A more detailed comparison would break out gains in first and second reactions—standard Sanger sequencing would require 96 first reactions (namely PCR amplification) plus 96 second reactions (namely: labeling), for a total of 192 reactions, the resulting fragments requiring 96 capillaries for analysis. In contrast, assuming d=4, allele profiling with pooled Sanger sequencing as the first stage, would require: 96/4 first reactions, 96/4 second reactions, analyzed in 24 capillaries, plus, for disambiguations: 23 first reactions plus 6 second reactions, analyzed in 6 capillaries.

Thus, the invention yields a substantial gain in process efficiency for carrier screening given the typically low carrier frequencies for inherited disorders. An example showing the application of pooled Sanger sequencing to molecular sieving for RHCE alleles is given below.

Disambiguation by Allele Profiling—

Ambiguities may be resolved, in accordance with the allele profiling process previously disclosed, by using allele-specific amplification at heterozygous positions of interest, either one at a time or several at a time. In a preferred embodiment, DNA from the constituent samples of ambiguous pools is amplified using one or more pairs of fluorescently labeled primers directed to the alleles at heterozygous positions, paired with source-tagged primers, as illustrated in FIG. 5, to produce source-and marker-tagged products which then are pooled for capillary electrophoresis. The configuration depicted in FIG. 5 would be expected to generate a total of 6 peaks, namely: 2 (one in the R, one in the B channel) for 676-S8; 1 for 733-S8; 2 for 676-S8; and 1 for 733-S8, thereby permitting the identification of alleles for each constituent sample and hence the resolution of ambiguities.

These allele-specific amplification reactions may be performed using genomic DNA from individual samples, or a set of amplicons independently generated by random priming of the genome or selected genomic regions of these samples. In the latter case, the amplification of a specific sequence of interest will be accomplished in a small number of cycles generating source-and-marker-tagged products.

Disambiguation by Pooled Sanger Sequencing of Source-Tagged Products—

In a further embodiment of the invention, the Sanger labeling reaction is performed with pools of first reaction products comprising source (“S”) tags, wherein source tags identifying the first reaction products produce predetermined relative shifts in the expected sequence traces, either by changing fragment length or (by one of several methods well known in the art) electrophoretic mobility.

In one embodiment, to change fragment length, the source tags have a common 5′ subsequence which may comprise the entire sequence of the shortest tag, and the “universal” labeling primer is complementary to that subsequence, as illustrated in FIG. 6. This is elaborated, with reference to FIG. 7 and FIG. 8, in Example 3, for the β-thalassemia mutations IVS 1-5 (G>C) and codon 8/9 (+G) in (see above) and, with reference to FIG. 9 and FIG. 10, in Example 4. The resulting “reads,” while having the appearance of “contaminated” samples that would be rejected in standard Sanger sequencing practice may be decoded to resolve ambiguities. This is illustrated in the Examples below.

In another embodiment of the invention, the source tags differ in composition, by one or more base(s), at the end forming the junction with the gene- or exon-specific primer(s) as in FIG. 6, but, in contrast to the previous embodiment, unique corresponding labeling primers are designed with 3′ ends complementary to each unique primer-source tag junction. This embodiment permits two modalities of labeling, namely: first, using a combination of such labeling primers to label pooled source-tagged first reaction products; and second, using one or more (but not all) of the labeling primers to label one or more specific pooled first reaction product(s), thereby enabling disambiguation using pools of first reaction products, as only the corresponding individual sequence trace(s) will be generated. If the difference in composition between source tags extends over different numbers of bases, then peaks shift also may be introduced; this is elaborated with reference to FIG. 10 in Example 4.

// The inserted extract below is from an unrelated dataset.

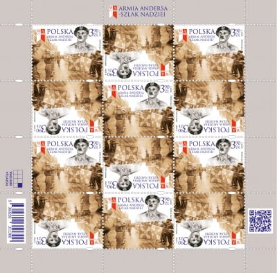 Arkusz Armia Andersa Szlak Nadziei 2023 r. - arkusz znaczków kolekcjonerskich o ograniczonym nakładzie pojedynczego znaczka 144 000 sztuk, emitent Poczta Polska, seria Armia Andersa Szlak Nadziei, stan zachowania nowy

Thus, given a post-PCR pool of first reaction products, the choice of labeling primer, in accordance with these embodiments, permits either screening of multiple such first products for ambiguities reflecting heterozygous configurations, or disambiguating such configurations, by introducing peak shifts and labeling only a subset of pooled first reaction products.

The process of the invention is in contrast to the analysis of Sanger sequence traces comprising signals from multiple samples by decomposition into constituents, with reference of a “dictionary” holding constituent peak patterns (or representations thereof). Superpositions of two or more such peak patterns are then compared to the observed pattern to infer the composition of the mixture, as shown for sequencing of the 16S rRNA gene for mixtures of bacterial pathogens (the Pathogenomix website; see also Kommeda12008 https://www.ncbi.nlm.nih.gov/pmc/articles/PMC2576573/pdf/0213-08.pdf). This approach is akin to that of decomposing genotypes into constituent alleles, where alleles are defined over multiple variable sites, step in the standard analysis of genotypes for highly polymorphic genes such as HLA.

Non-Integer Peak Shifts—

Ambiguity remains when the mutation or variable position in the shifted peak pattern of a second sample is superimposed on an identical base in the sequence of the first sample. For example, if, in FIG. 9, the sequence surrounding the IVSI-5 mutation were CAG GTC GGT ATC (SEQ ID NO:2), then a G-C configuration would appear in the compound trace, and this would be indistinguishable (but for possible peak intensity differences) from the peak pattern produced by a het configuration in Sample 1.

G
Sample 1 (normal)  S_8-CAG GTC GGT ATC (SEQ ID No: 2)
Sample 2 (hom mut) S10-C AGG TCG CTA TC (SEQ ID No: 3)
C

However, by constructing source-tags so as to introduce “non-integer” peak shifts (that is: shifts by non-integer multiples of the nominal peak-to-peak spacing of 1 base), this ambiguity is avoided: the presence of a second “C” peak, shifted by a non-integer displacement from the first, would unambiguously indicate the presence of a “het” configuration.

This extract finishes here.